DAUMIER
What Millet did for the life of the country, Honoré Daumier (1808–1879) did for the life of the town, of which he was a shrewd and critical observer. But his long practice as a caricaturist made him look upon the types that engaged his brush with a certain cruel bitterness which is far removed from Millet’s human sympathy. With a palette restricted almost to black and grey, Daumier yet proved himself a great colourist through the infallible accuracy of his tone-values and the suggestion of rich colour in his almost monochrome schemes. His design is as massive and monumental as Millet’s. The touch of the macabre, which is so characteristic of Daumier’s art, is very evident in The Thieves and the Donkey (No. 2937). The Portrait of the Painter Théodore Rousseau (No. 2938) holds a hint of the caricaturist’s vision.
COURBET
Equally far removed from, and hostile to, Classicism and Romanticism was Gustave Courbet (1819–1877), who as head and founder of the Realistic school exercised a prodigious influence upon nineteenth-century art. He was essentially a fighting spirit, determined to overcome official hostility to his revolutionary principles. Excluded from public exhibitions, he held a private show of his own works, and defended his theories by spoken and written arguments. His just claim was that it did not matter what you paint, but how you paint what you actually see; and in conformity with his loudly proclaimed principles he often chose subjects that were offensive to the taste of his day. At the same time we can see now that he was endowed with a keen instinctive feeling for pictorial fitness, and that most of his pictures are far from being haphazard snapshots of actuality. In his student years he had copied many masterpieces by Rembrandt, Velazquez, Hals, and Van Dyck. How much he benefited from the example of the old masters is to be judged from his portrait of himself, known as The Man with the Leather-belt (No. 147).
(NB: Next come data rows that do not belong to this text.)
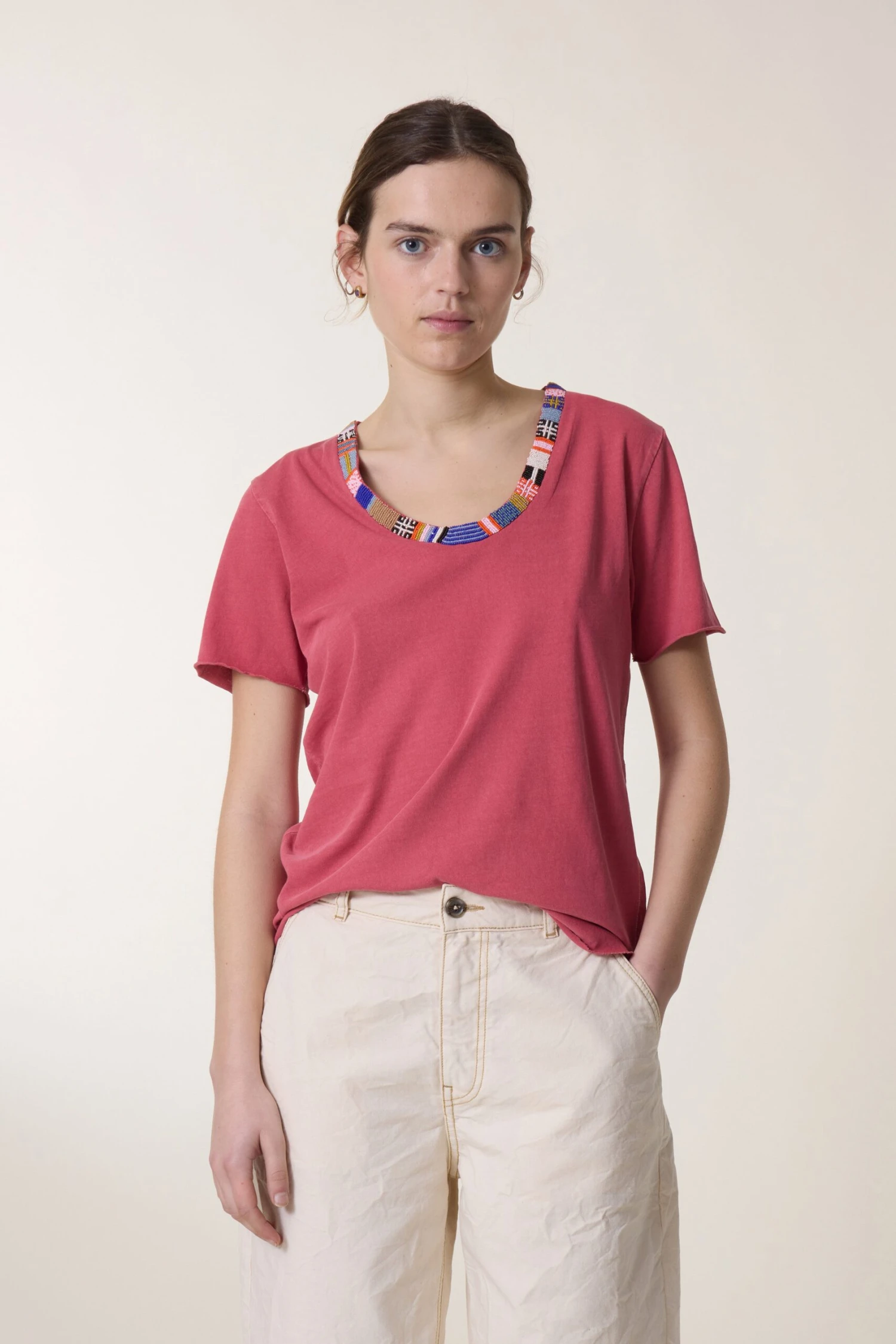 Le t-shirt Tizia Beads est un ajout élégant au vestiaire, confectionné en 100% coton biologique et orné de perles à l’encolure. Disponible dans six coloris différents, il ajoute une touche sophistiquée aux tenues confortables de la femme Leon & Harper.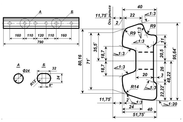 Предназначена для соединения рельсов типа P-43 в зоне стыка. Накладки имеют шесть крепежных отверстий (три отверстия d-24 мм и три отверстия 32х24 мм под Болт стыковой М22х135.), вследствии чего, обеспечивается надежное закрепление рельсов.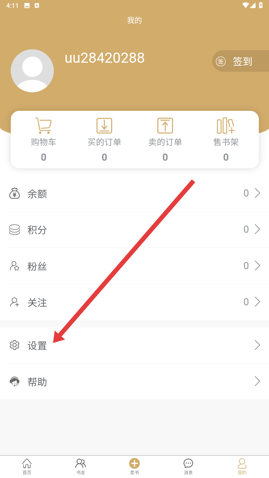 2、进入【我的】页面后,找到并点击【设置】选项,即可进入设置页面啦。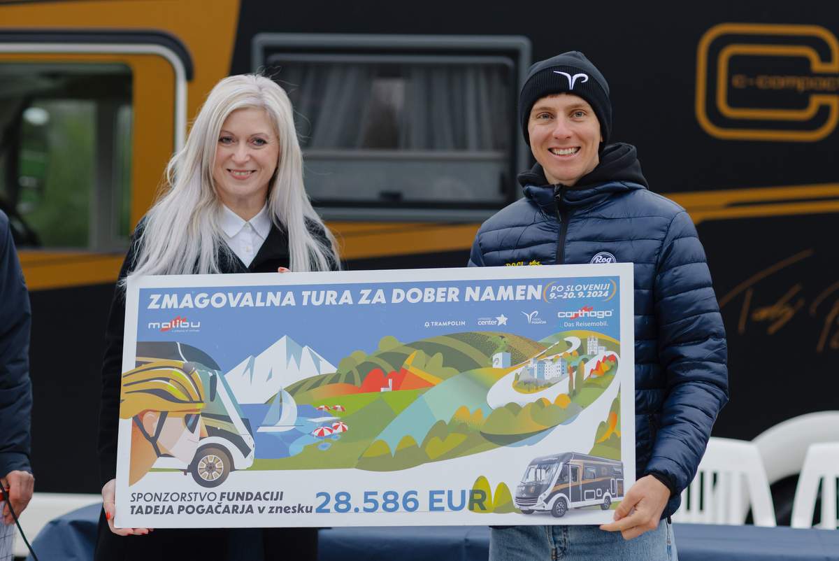 Direktorica podjetja Sandra Županec je Tadeju osebno predala simbolni bon: "V imenu celotne ekipe podjetja Carthago, z iskreno zavezanostjo k dobremu delu, danes predajamo donacijo v višini 28.586 € Fundaciji Tadeja Pogačarja, ki jih je podjetje Carthago zbralo preko dobrodelne kampanje »ZMAGOVALNA TURA ZA DOBER NAMEN S CARTHAGOM, TADEJEM POGAČARJEM in HITRADIOM CENTER«. Ta sredstva so namenjena programu pomoči bolnikom, ki trpijo zaradi raka ali za nakup opreme za zdravljenje rakavih bolnikov. Donacija Carthaga naj pomaga širiti naše poslanstvo ter tako olajša pot zdravljenja marsikateremu bolniku."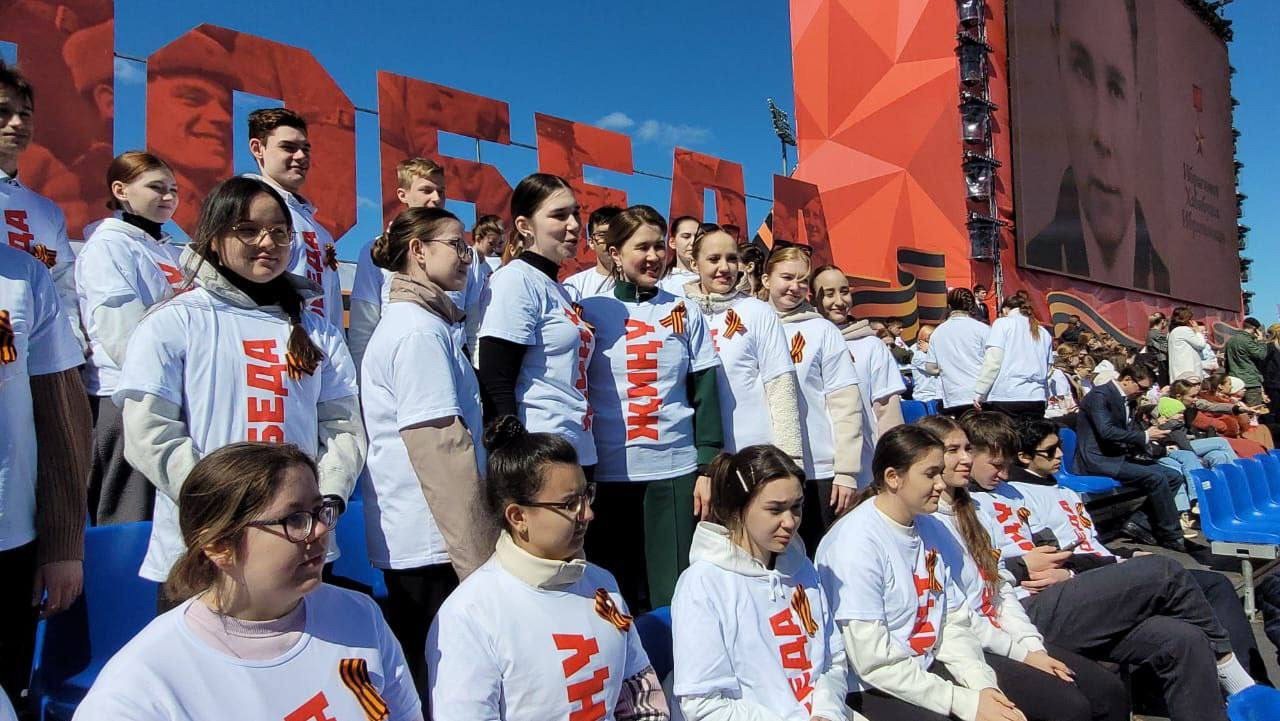 В составе межвузовского хора выступили студенты Казанского государственного института культуры, ВИА «Волга-Волга», а также 10 ведущих вузов Казани. Выступление Тысячного хора под руководством заслуженного работника культуры Республики Татарстан доцента Галиуллиной Эльвири Шафигулловны — это непередаваемые эмоции силы и единства молодого поколения, достойных наследников памяти ветеранов!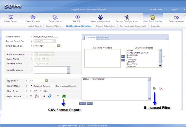 Service Operations Manager (SOM) is a web based application that takes care of messaging needs of an enterprise. It provides the ability to receive events from applications, systems and machines. SOM has an internal intelligent engine that can be configured to reduce, categorize and enrich the events to be notified.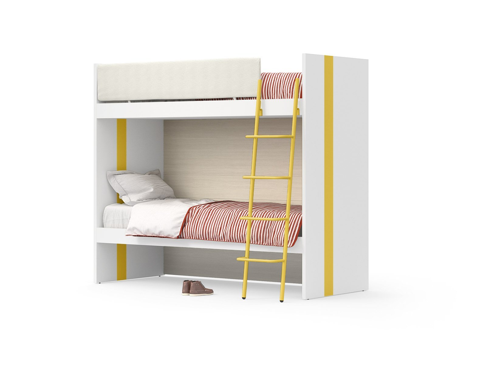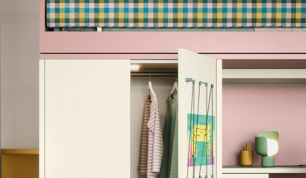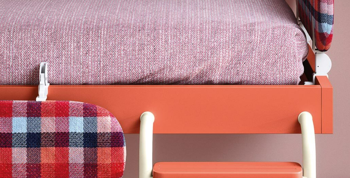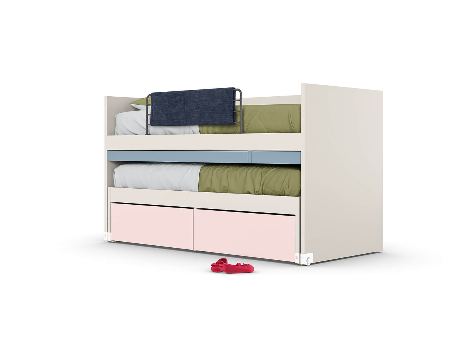 Con i suoi fianchi sagomati più larghi alla base, il ponte Tippy accoglie un letto, uno scrittoio o entrambi. E grazie al meccanismo, lo scrittoio lascia spazio al secondo letto senza dover spostare nulla.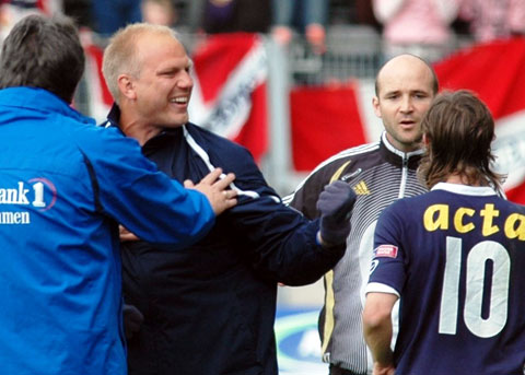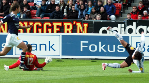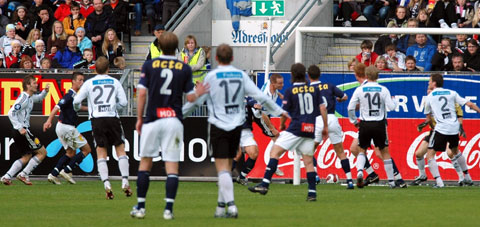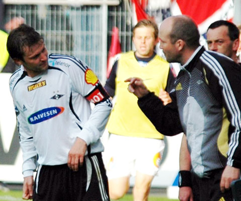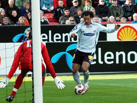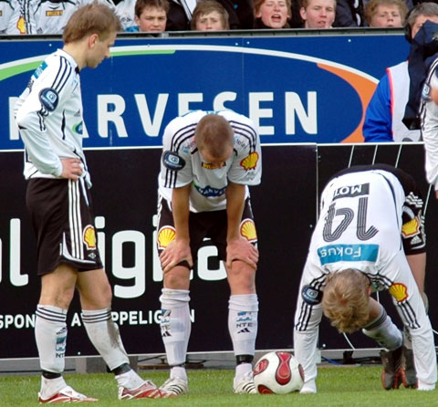 RBK maktet aldri å reise seg da gjestene snudde kampen. Her er bildene. Iversen stormer i angrep med Christer George som passiv tilskuer. Mens Hirschfeld ryddet opp bakerst. RBK tok ledelsen, da Braaten ble ulovlig stoppet av keeper Adam Larsen. Stormløp mot Godset-målet i begynnelsen av 2. omgang. Tettey var den som sløste bort de største sjansene, her i duell med George. I stedet kunne Stian Ohr (10) juble for sin utligning. Det ble enda verre da Ronny Deila sprang fra Kvarme i venstre bildekant, og satte inn 1-2. Sapara, Stoor og Iversen nede for telling. Tørum gir spillerne ordre om å angripe, uten at det funket. Dermed kunne Dag-Eilev Fagermo juble for den aller første seieren til Strømsgodset på Lerkendal.
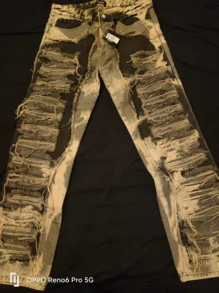Jeans da uomo con un design unico e audace. - Effetto strappato e scolorito. - Vestibilità comoda.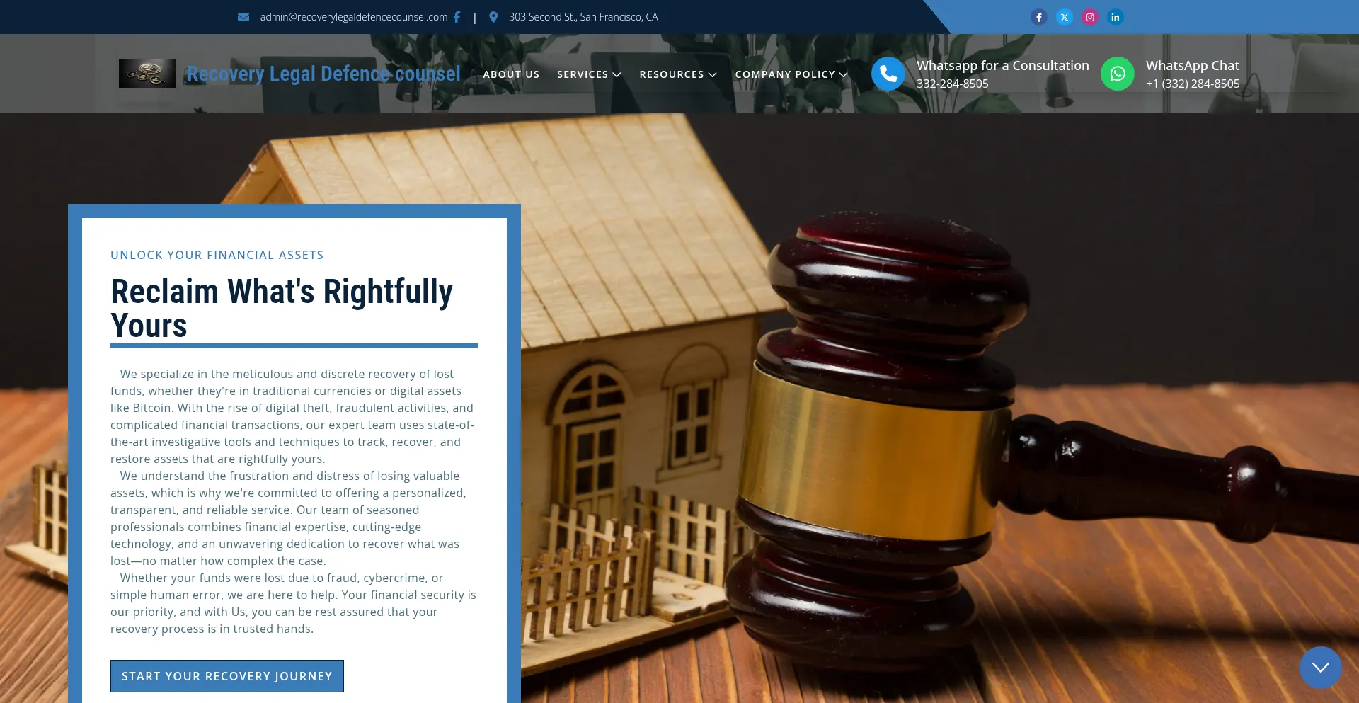 网站 recoverylegaldefencecounsel.com 宣传针对丢失或被盗资产的资金恢复服务。虽然一些在应急费用结构上运营,其他可能需要预付款,这可能表明欺诈运营。在聘请此类服务前验证凭据和监管合规性。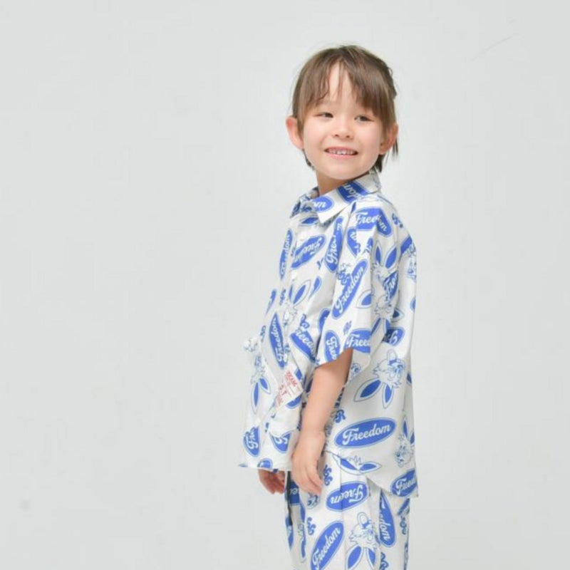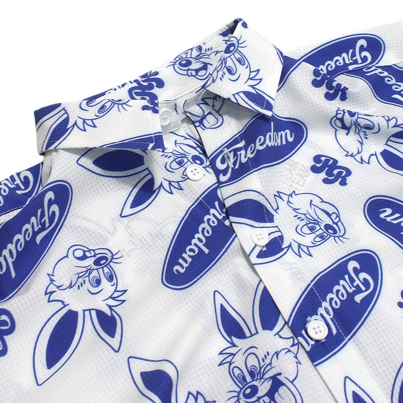 ポップな総柄デザインの半袖シャツ。
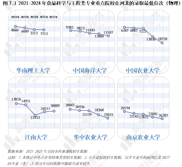 以河北省为例,食品科学与工程类专业排名靠前的六所高校历年录取位次整体稳健但暗藏危机。
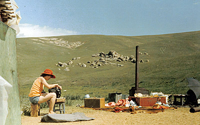 Im Gegensatz zu unseren Gastgebern können wir uns jeden Morgen von der schon höher stehenden Sonne wecken lassen. Für die Araten ist die Nacht bereits so gegen fünf zuende, denn da müssen die Stuten das erste mal gemolken werden, um den begehrten Rohstoff für die Airag-Produktion zu erhalten. Die Tage verbringen wir Touristen im Wesentlichen damit, auf den umliegenden Bergkämmen zu wandern oder auch hin und wieder zu Reiten.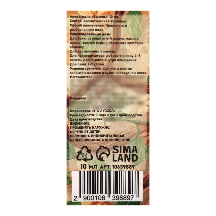 Аромамасло Ваниль 10 мл — Характеристики
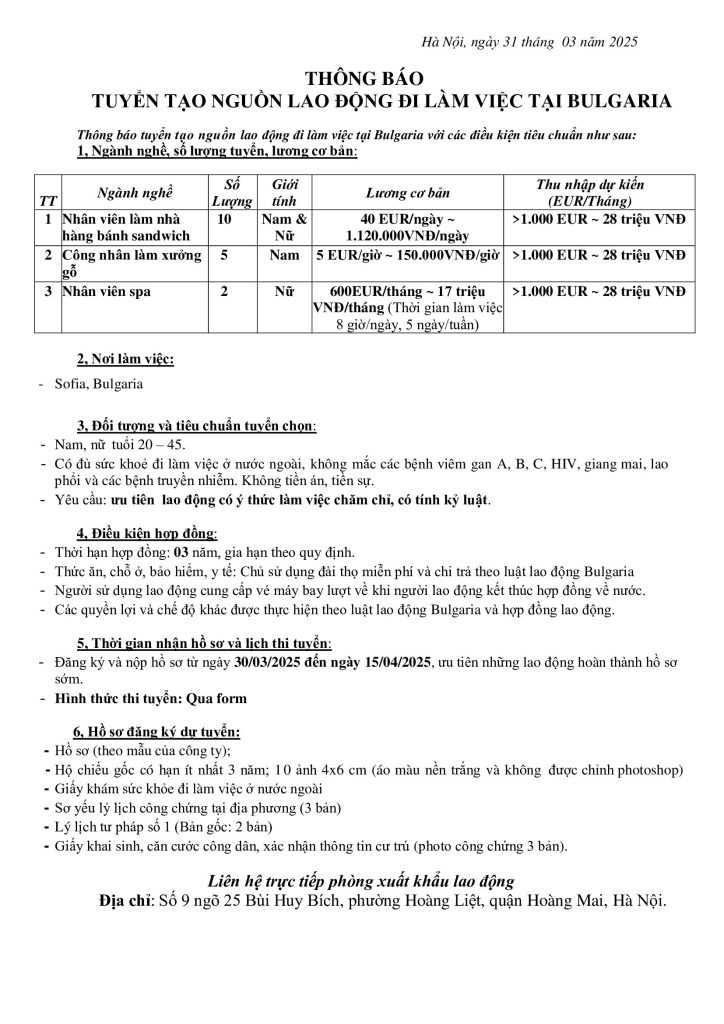 Để biết thêm chi tiết và đăng ký tham gia chương trình xuất khẩu lao động Bulgaria, vui lòng liên hệ trực tiếp tại địa chỉ:

PLATE LII.—JEAN FRANÇOIS MILLET
(1814–1875)
No. 644.—WOMEN GLEANING
(Les Glaneuses)
In a harvest-field three female gleaners, seen in profile to the left, are occupied with picking up blades of corn. Two of them are bending right down, with their right hands touching the ground; the third woman is half erect. In the background some ricks, a cart and horses, harvesters, a farm building, and a horseman.
Signed on right:—“j. f. millet.”
Painted in oil on canvas.
2 ft. 8¾ in. × 3 ft. 8¼ in. (0·82 × 1·12.)